Configure persistent storage

This section walks through configuring local-storage to use your MicroK8s instances hard drive for persistence storage or using Synology via iSCI. Storage can be a tricky thing with Kubernetes and is something that should be considered before diving in head first.

My experience

I started to notice that my single-node cluster/captain node was becoming overwhelmed with trying to manage k8s tasks and running services I deployed. For example, in some instances my kubectl would take up to 5 seconds or more to respond when asking for a list of pods. Good k8s practices is to separate master/captain and computing nodes. The captain nodes are solely responsible for running critical k8s services/tasks for the cluster and the computing nodes are responsible for running services like Cyberchef or Gitlab.

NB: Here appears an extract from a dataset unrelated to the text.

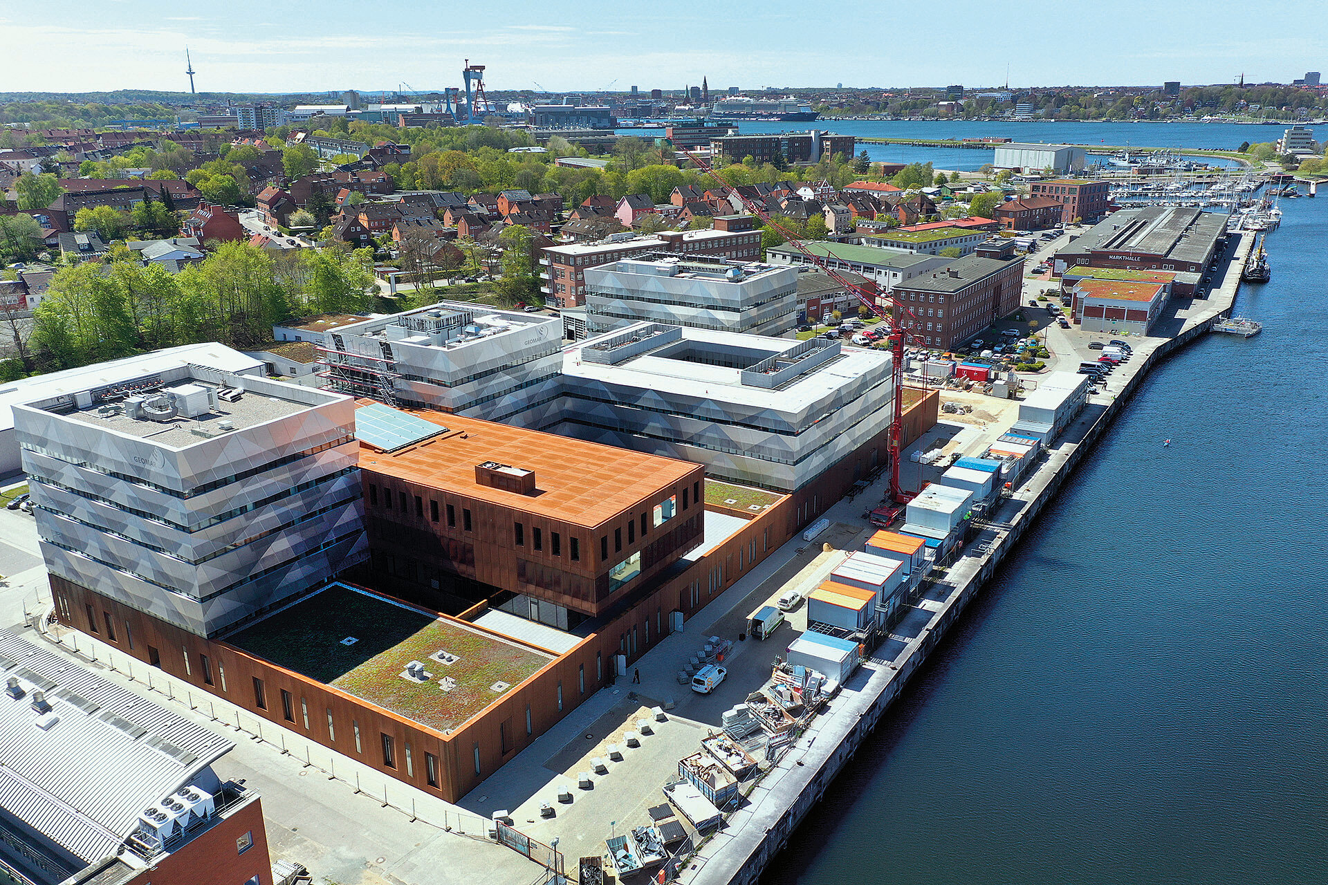 Luftaufnahme des GEOMAR-Neubaus vom Mai 2023. Foto: Sarah Uphoff, GEOMAR

Unfortunately, early on in my journey with k8s I created services with persistent storage using local-storage on my single-node “cluster” but more specifically what became my captain node. When you use local-storage as the persistent volume option, it locks services using that volume to that specific node. Next, I started Googling how to migrate persistent storage from one node to another and/or migrating from local-storage to my Synology device. Per my experience and research, moving persistent storage on k8s is not really possible with vanilla k8s. The options that exist are for cloud platforms and/or walk you through some hacky solution. I personally tried these hacky solutions and it caused more headaches and loss of data then success. My recommendation is to move forward under the assumption it’s not possible and that these hacky solutions are really a last resort.

My advice/setup

In my homelab, I use local-storage and Synology for persistent storage. My recommendation would be to use Synology or equivalent persistent service like NFS for “production” services. For example, in my homelab I deem the following services “production” services: Gitlab, Vault secrets store, Prometheus metrics, and Minio (S3 alternative). The guiding questions I use to determine if a service should use Synology for persistent storage are “If I lost the data tomorrow would I be upset?” or “would the down time of this service affect me?”.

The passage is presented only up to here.